Copy exactly, and copy nothing else: the line that contains "临汾新闻网讯 (记者 柴亚虹)3月23日,山西省浙江企业联合会会长彭衍吾正式受聘为临汾市招商引资与招才引智大使。" and all lines after it in the listing, without pictures.

▸ Provided data:
::::::

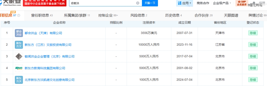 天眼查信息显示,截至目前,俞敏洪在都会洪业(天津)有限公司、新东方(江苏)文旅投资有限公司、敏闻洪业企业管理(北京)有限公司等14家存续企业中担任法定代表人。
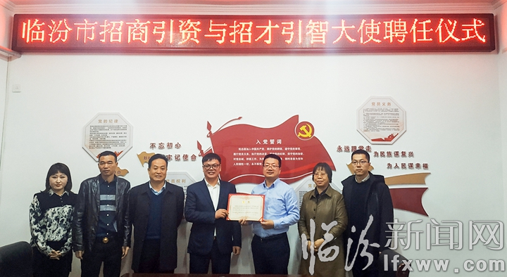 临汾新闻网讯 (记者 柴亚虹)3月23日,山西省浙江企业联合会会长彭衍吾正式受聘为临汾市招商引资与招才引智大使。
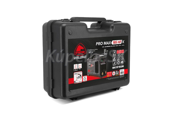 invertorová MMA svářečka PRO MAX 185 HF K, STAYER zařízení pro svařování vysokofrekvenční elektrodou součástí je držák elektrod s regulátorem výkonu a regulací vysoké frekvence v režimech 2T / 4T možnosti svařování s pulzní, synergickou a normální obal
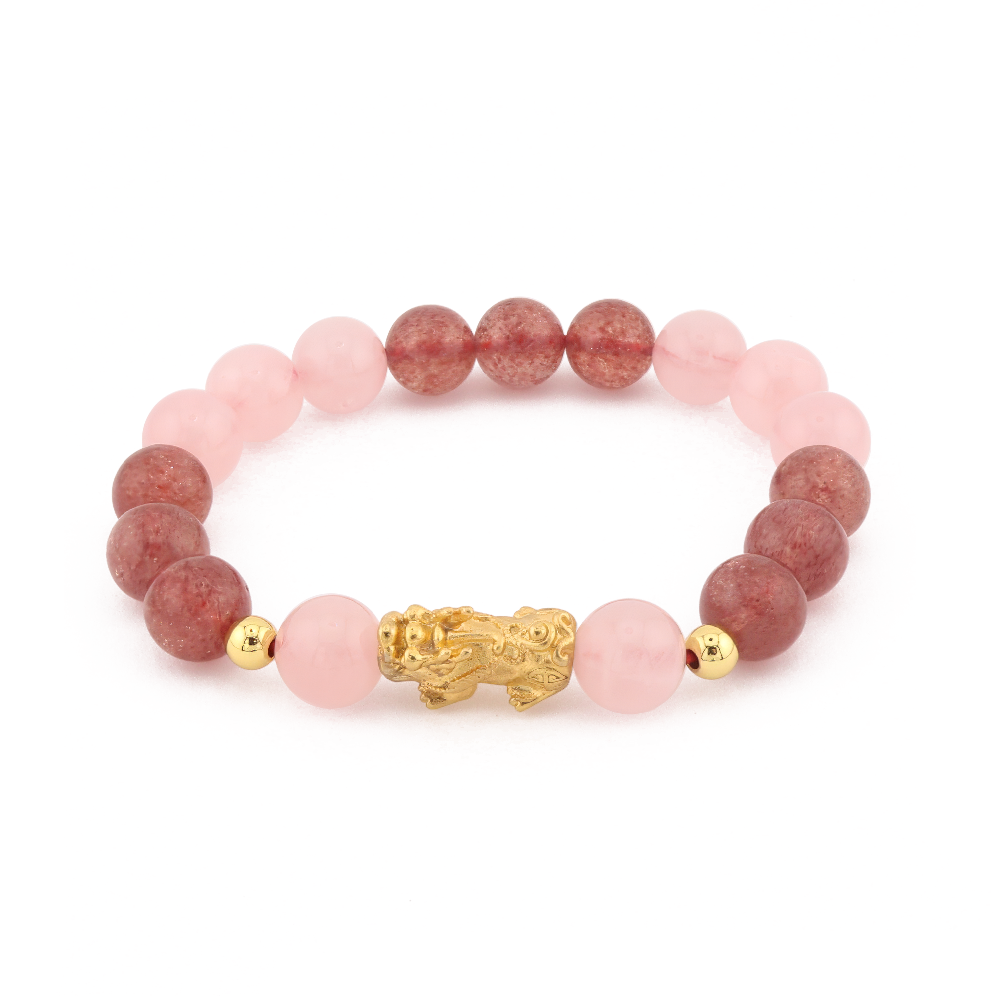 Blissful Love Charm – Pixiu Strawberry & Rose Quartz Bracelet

::::::

▸ Output for this task:
 临汾新闻网讯 (记者 柴亚虹)3月23日,山西省浙江企业联合会会长彭衍吾正式受聘为临汾市招商引资与招才引智大使。
 invertorová MMA svářečka PRO MAX 185 HF K, STAYER zařízení pro svařování vysokofrekvenční elektrodou součástí je držák elektrod s regulátorem výkonu a regulací vysoké frekvence v režimech 2T / 4T možnosti svařování s pulzní, synergickou a normální obal
 Blissful Love Charm – Pixiu Strawberry & Rose Quartz Bracelet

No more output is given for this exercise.